Collected data:
· · · ·

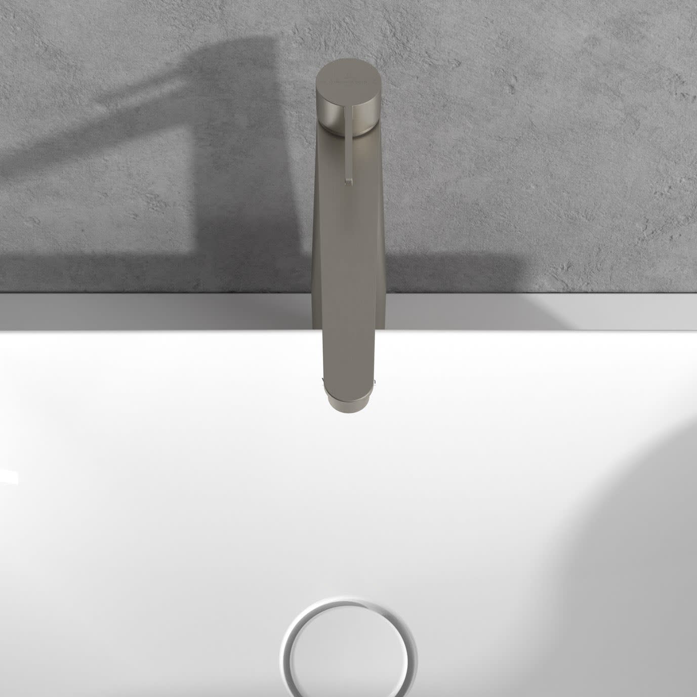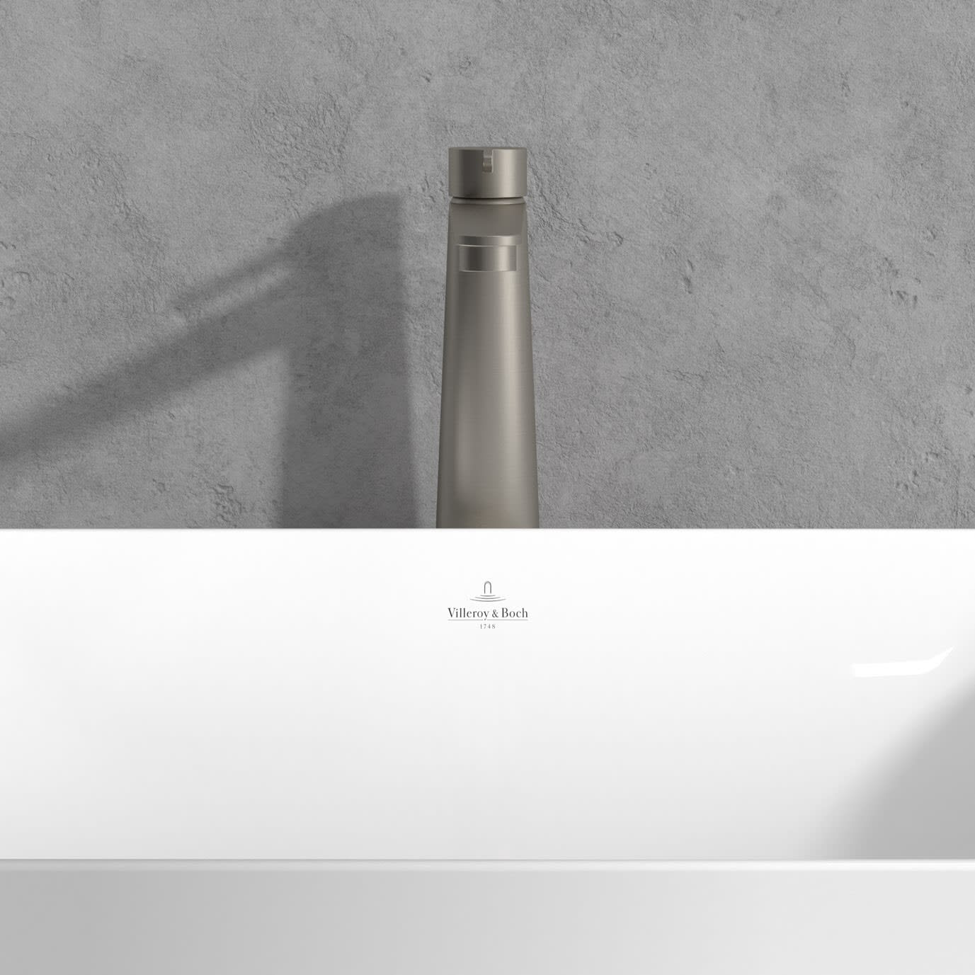Die Conum Einhebel-Waschtischarmatur von Villeroy & Boch: Ihre konische Formensprache besticht durch eine dynamische Eleganz, die jeden Tag aufsNeue fasziniert und dem Waschplatz einen einzigartigen Charakter verleiht. So präzise und kompromisslos wie das Designist auch die Verarbeitungsqualität, die höchste Standards repräsentiert. Der seitlich positionierte Hebel der Armatur aus hochwertigem Messing gleitet beim Öffnen sanft und liegt daher sehr gut in der Hand. Der innovativen Laminarstrahl wird nicht mit Luft vermischt. So ist er kristallklar, besonders leise und vermeidet unangenehme Wasserspritzer beim Händewaschen. Durch die komfortablen Armaturenhöhe entsteht zusätzlich eine besonders angenehme Waschposition durch viel Platz zwischen Auslauf und Waschtisch.
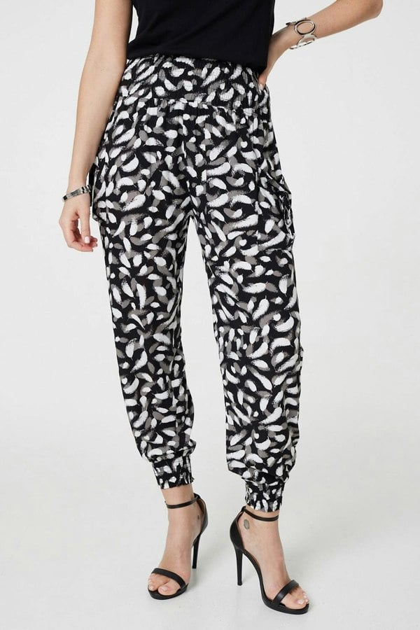Stand out from the crowd in these fun feather printed harem trousers. With a high waist, a stretchy smocked waistband, pockets, a tapered fit and soft smocked ankle cuffs. Style with a t-shirt and heels for a stylish holiday dinner look or pair with a relaxed t-shirt and trainers for a casual daytime look.
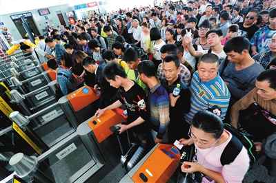 3月3日上午,在东环高铁海口东站检票口,旅客们排着长队检票进站。元宵节临近,海南各个车站港口均迎来了客流的小高峰。本报记者 陈元才 实习生 陈期财 摄
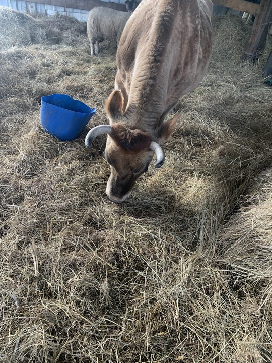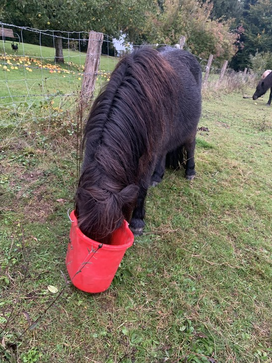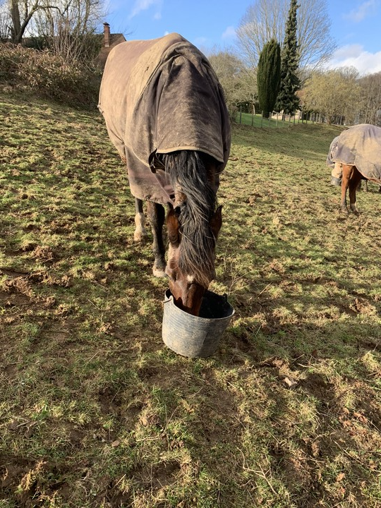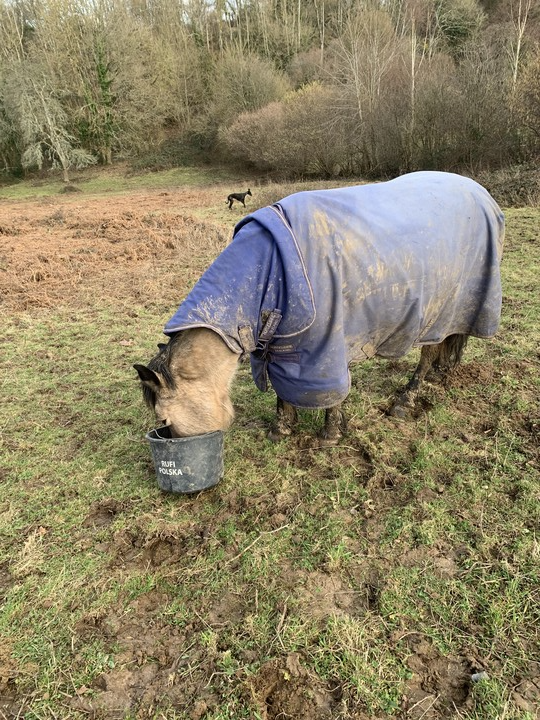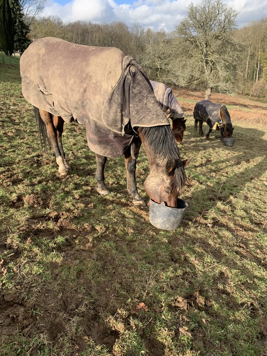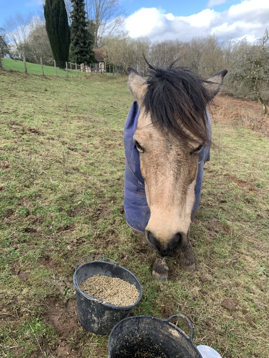 Flower : Flower eats the pellets with appetite. She likes this ritual and it helps her get through the winter as grass is not very present at this time.
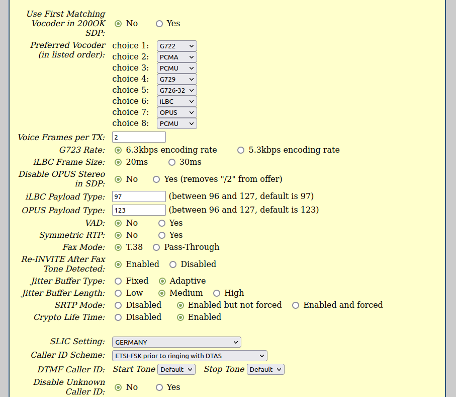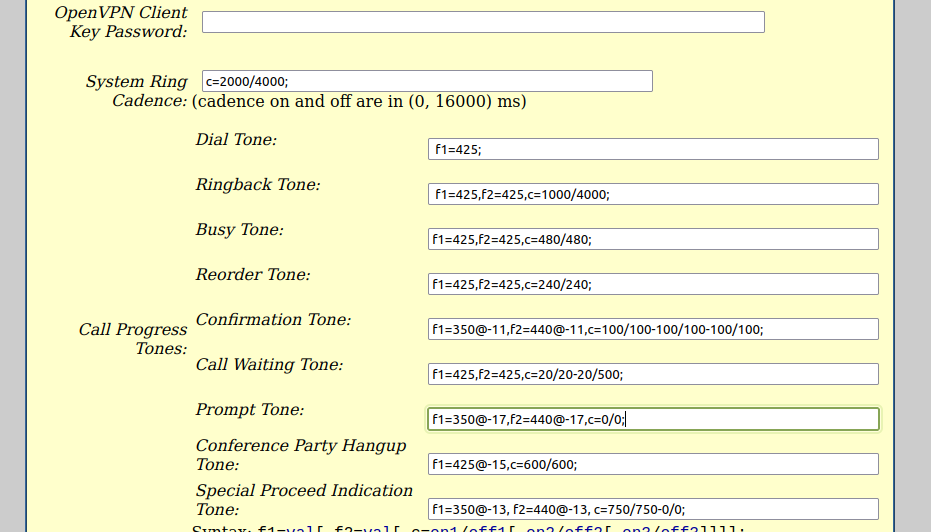 Rufen Sie nun bitte die „Advanced Settings“ auf und tragen Sie dort unter „Call Progress Tones“ die Werte aus der folgenden Tabelle ein.
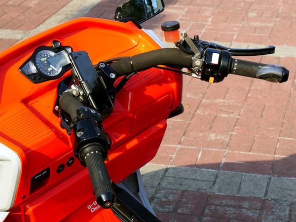龍頭採用稍微內縮的款式,因為拋光金屬的材質和車身不搭,所以刻意綁上橡膠
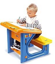 Para niños que disfrutan con esta actividad, Smoby ofrece un pupitre en el que se sentirán muy cómodos. Tiene dos caras, puede elegir la superficie con la que pintar con rotulador o la pizarra para dibujar con tiza.
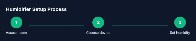 - Determine room humidity with a hygrometer. - Confirm the device is suitable for bedroom use and quiet. - Fill with distilled water and place on a stable surface. - Set the humidistat to a safe range (30-50%). - Run for 2-4 hours at a time and monitor comfort. - Clean weekly and refill with fresh water. - Keep doors and windows reasonably open to prevent excess moisture. - If symptoms persist, seek medical advice.

· · · ·

Instructions for the task - Only the text of the records belongs in your answer, copied exactly as it appears above.

Exercise response -
Die Conum Einhebel-Waschtischarmatur von Villeroy & Boch: Ihre konische Formensprache besticht durch eine dynamische Eleganz, die jeden Tag aufsNeue fasziniert und dem Waschplatz einen einzigartigen Charakter verleiht. So präzise und kompromisslos wie das Designist auch die Verarbeitungsqualität, die höchste Standards repräsentiert. Der seitlich positionierte Hebel der Armatur aus hochwertigem Messing gleitet beim Öffnen sanft und liegt daher sehr gut in der Hand. Der innovativen Laminarstrahl wird nicht mit Luft vermischt. So ist er kristallklar, besonders leise und vermeidet unangenehme Wasserspritzer beim Händewaschen. Durch die komfortablen Armaturenhöhe entsteht zusätzlich eine besonders angenehme Waschposition durch viel Platz zwischen Auslauf und Waschtisch.
Stand out from the crowd in these fun feather printed harem trousers. With a high waist, a stretchy smocked waistband, pockets, a tapered fit and soft smocked ankle cuffs. Style with a t-shirt and heels for a stylish holiday dinner look or pair with a relaxed t-shirt and trainers for a casual daytime look.
 3月3日上午,在东环高铁海口东站检票口,旅客们排着长队检票进站。元宵节临近,海南各个车站港口均迎来了客流的小高峰。本报记者 陈元才 实习生 陈期财 摄
 Flower : Flower eats the pellets with appetite. She likes this ritual and it helps her get through the winter as grass is not very present at this time.
 Rufen Sie nun bitte die „Advanced Settings“ auf und tragen Sie dort unter „Call Progress Tones“ die Werte aus der folgenden Tabelle ein.
龍頭採用稍微內縮的款式,因為拋光金屬的材質和車身不搭,所以刻意綁上橡膠
 Para niños que disfrutan con esta actividad, Smoby ofrece un pupitre en el que se sentirán muy cómodos. Tiene dos caras, puede elegir la superficie con la que pintar con rotulador o la pizarra para dibujar con tiza.
 - Determine room humidity with a hygrometer. - Confirm the device is suitable for bedroom use and quiet. - Fill with distilled water and place on a stable surface. - Set the humidistat to a safe range (30-50%). - Run for 2-4 hours at a time and monitor comfort. - Clean weekly and refill with fresh water. - Keep doors and windows reasonably open to prevent excess moisture. - If symptoms persist, seek medical advice.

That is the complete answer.